Insecticide: Providing food to the world every day has new concerns about over-population and the future of the planet. People are afraid of starvation and endemic disease. The current problem of food production is not a lack of land, but the output is too low to respond to the doubling of the world population. Plant geneticists are creating hybrid plants with higher yields and greater resistance to undesirable harmful organisms. Even new plants must use pesticides to maximize the potential of hybrids.

According to the recent UN report, the environmental and human health costs due to the use of pesticides are "catastrophic" and the report reveals that pesticides are essential for global population growth. Chemical companies such as Monsanto, Bayer and Dow DuPont are selling stories about the need to double the chemical "war with nature" to feed the world. However, if you are developing yourself now and in the future, you need to protect clean water, healthy soil, and biodiversity as a basis for agriculture. According to the United Nations, chemical-intensive agriculture leads us in the opposite direction, bringing about 3 trillion dollars worldwide environmental damage every year.
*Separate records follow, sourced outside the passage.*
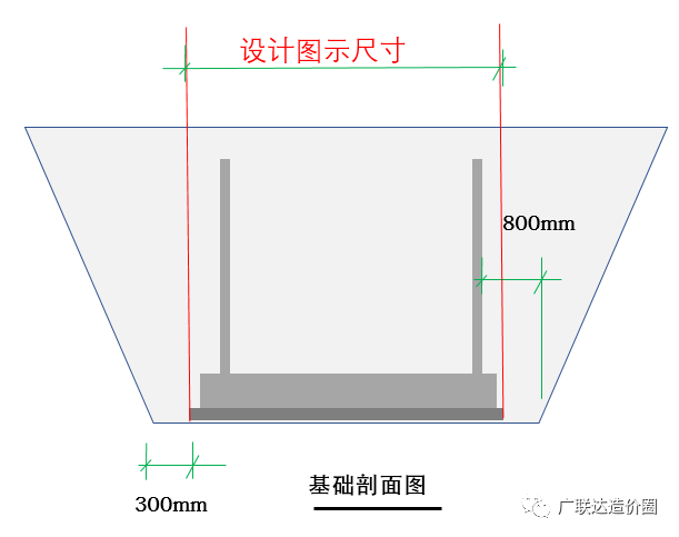 例如,在挖土方过程中,现场为了方便施工把承台之间的土方采用通长挖土施工,如下图按照定额规则承台和条形基础的工作面为300mm,而实际为了砌筑作业和机械挖土作业方便,直接通长挖成直线基槽。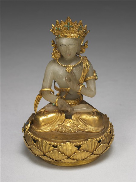 橢圓形臺座上,波浪起伏,自蓮池中央伸出一株蓮莖,向左右分枝延伸出兩株相連 的蓮座,三蓮座上各結跏趺坐一尊像,主次關係明顯。三尊像(故雜1835~1837)分別以珊瑚、白玉及青金石為頭、身及手足,佩戴金鑲綠松石的頭冠、耳飾、天衣、臂釧及手環,腰部以下為金身。橢圓形臺座表現淨土世界的蓮池。臺座內波濤起伏,波浪作斜向排列,營造出向後延伸的視覺空間。臺座下緣陰刻「大清乾隆年敬造」字樣。此為右側脅侍白玉菩薩像,左肩斜披羊首獸皮,佩戴的方式和清宮重要的造像指導著作《造像度量經續補》的記載相符。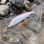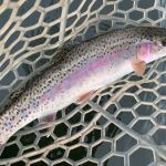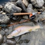 Our first day we hit the Gallatin River. Lawrence took us on a long hike through the woods to get to his favorite spots. Immediately, I hit on fish with ESN rod and flies. Three rainbows and at least fifteen big white fish. Come on now – they are part of the trout family! It’s Montana’s state fish! Matt and Lawrence did well too with their Spey rods.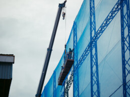 Idéals pour les chantiers de construction, nos filets à débris avec bandes de boutonnières sont conçus pour les échafaudages et pour les chutes à débris.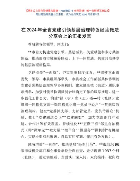 / 在2024年全省党建引领基层治理特色经验做法分享会上的汇报发言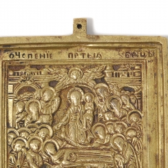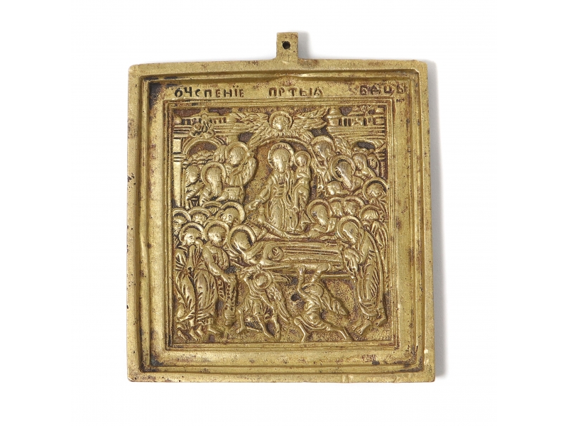 Размеры (без подвеса): 5,3 х 5,7 х 0,4 см. ===================== Cast icon "The Dormition of the Blessed Virgin Mary".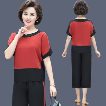 涂蝶幽 妈妈夏装运动服套装两件套2020新款洋气减龄中老年女装人短袖上衣服女 红色 2XL (105-115斤) |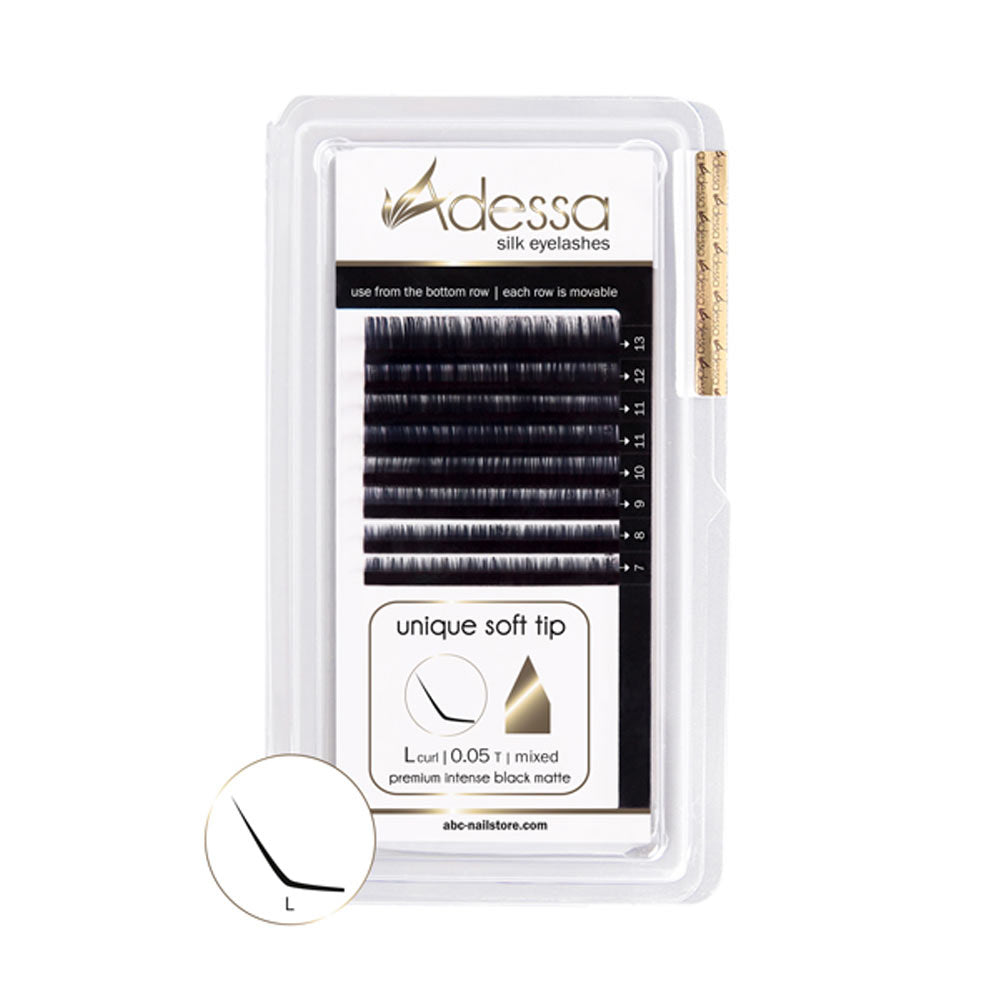 L-Curl, Stärke 0,05, mixed, 7-13mm Adessa Silk Lashes premium intense black matte Art.10024-08-05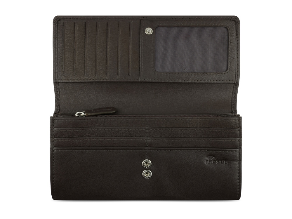 ЖЕНСКИЙ КОШЕЛЁК BANDA С ЗАЩИТОЙ ДАННЫХ RFID Просто, но не скучно! Серия мужских портмоне и женских кошельков BANDA выделяется лаконичной элегантностью. Сочетание классических цветов и контрастных деталей придает коллекции современный стиль. Каждое изделие имеет продуманную функциональную организацию внутреннего пространства и снабжено большим количеством карманов для карт, отсеками для хранения квитанций, а также отделениями для банкнот и монет. Все модели изготовлены из превосходной козьей кожи наппа. Особое внимание при создании коллекции уделено защите от радиочастотной идентификации RFID. Продукция оснащена специальным защитным слоем из фольги, который предотвращает незаконное сканирование вашей личной информации и препятствует списанию денежных средств с банковских карт. СВОЙСТВА Функциональная организация: 2 отделения для банкнот, 19 слотов для карт, 3 кармана, отделение для монет, отделение на молнии, сетчатый карман, защита данных RFID. Материал: кожа козы/полиэстер Размер: 18,5 x 2,5 x 9,5 см Вес: 0,13 кг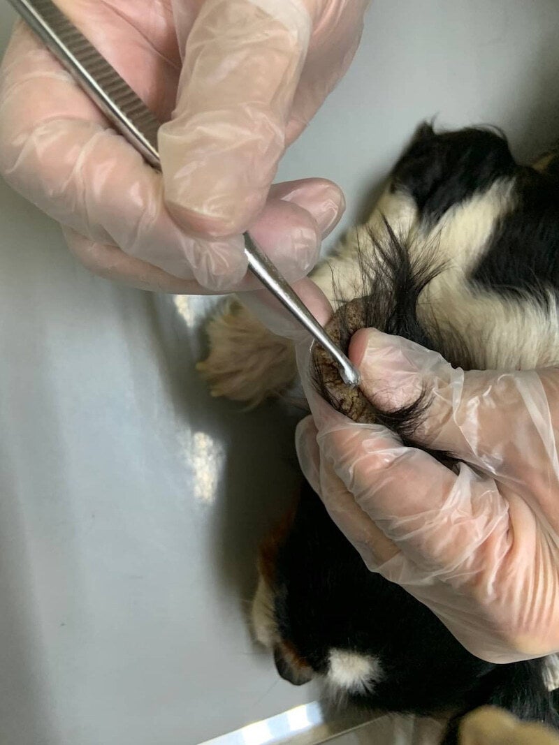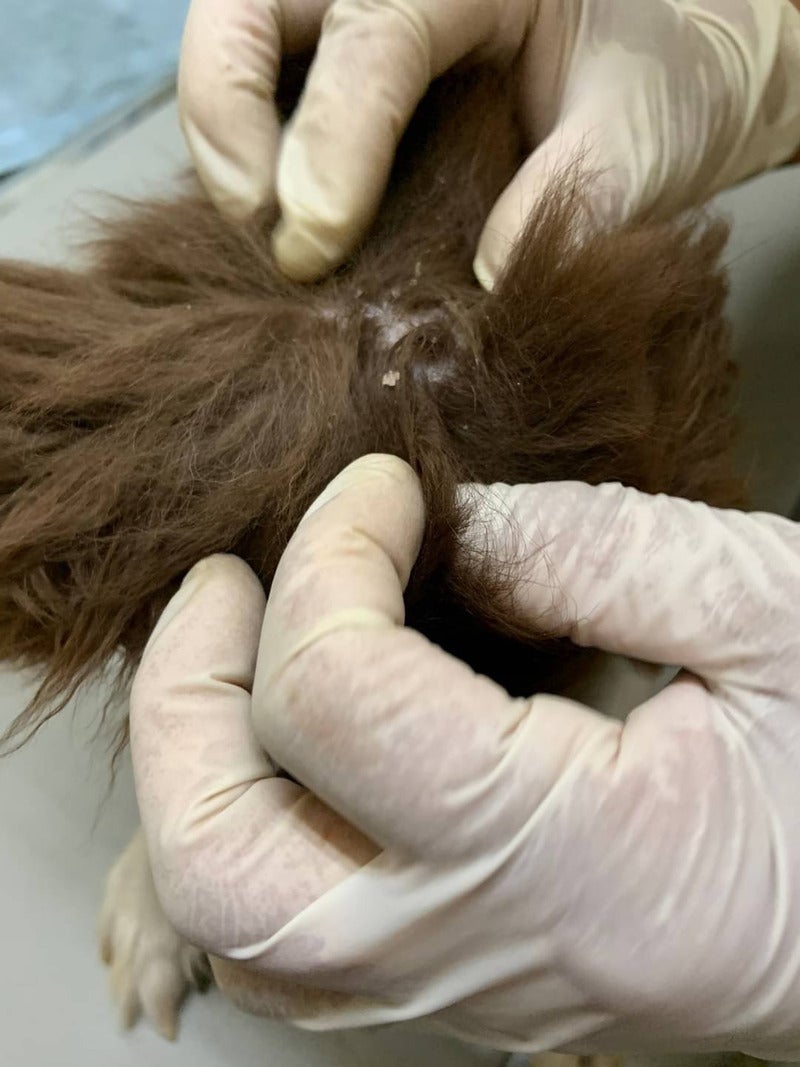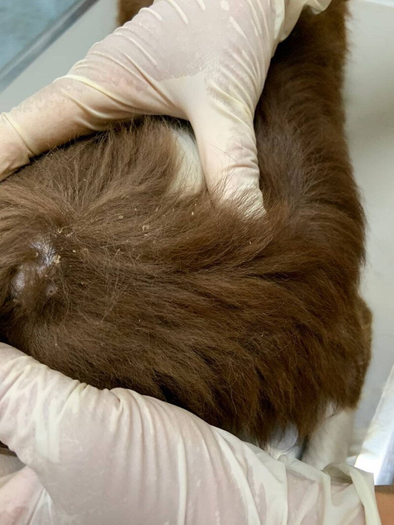 投薬だと完治までに時間を要する為、イベルメクチンとコンベニア注射を接種。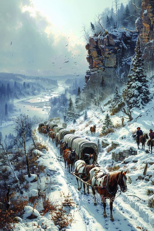 This captivating canvas depicts a caravan of covered wagons making their way through a snow-covered mountain pass. The bright winter sun illuminates the white landscape, casting soft shadows over the terrain. Horses lead the way, their breaths visible in the cold air, while riders keep close watch on the rugged trail. Towering cliffs and dense forests frame the scene, with a river winding through the valley below, adding to the sense of vastness and beauty. The determination of the travelers is palpable as they push forward on their arduous journey, embodying resilience and the spirit of exploration through challenging conditions.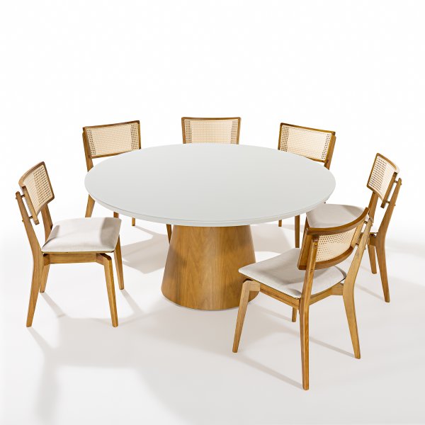A Mesa de Jantar Denver é a peça central que transforma qualquer ambiente, unindo estilo, funcionalidade e conforto. Com um design redondo e contemporâneo, ela possui um tampo de vidro off-white de 150 cm de diâmetro, proporcionando amplo espaço para refeições e reuniões. Sua estrutura em madeira na cor Pinhão oferece um toque de elegância e calor, adaptando-se facilmente a diversos estilos de decoração, desde o industrial até o rústico.

Would you listen to or read essential pesticides? Without extensive release of these hazardous substances into the environment, can we not exploit the world of hunger? Is the advantage of pesticides bigger than risk? Pesticide manufacturers and even some farmers are irritated with predictions, but there is strong evidence that they can produce adequate and healthy food supply without relying heavily on chemical pesticides. In this article, we introduce the outline of regulatory deficiencies in the welfare of the US Environmental Protection Agency (EPA), so-called profit developments, and success stories by growers other than chemistry, and we can realize productive and sustainable agriculture indicate. In the future, there is no current pesticide poisoning in agriculture.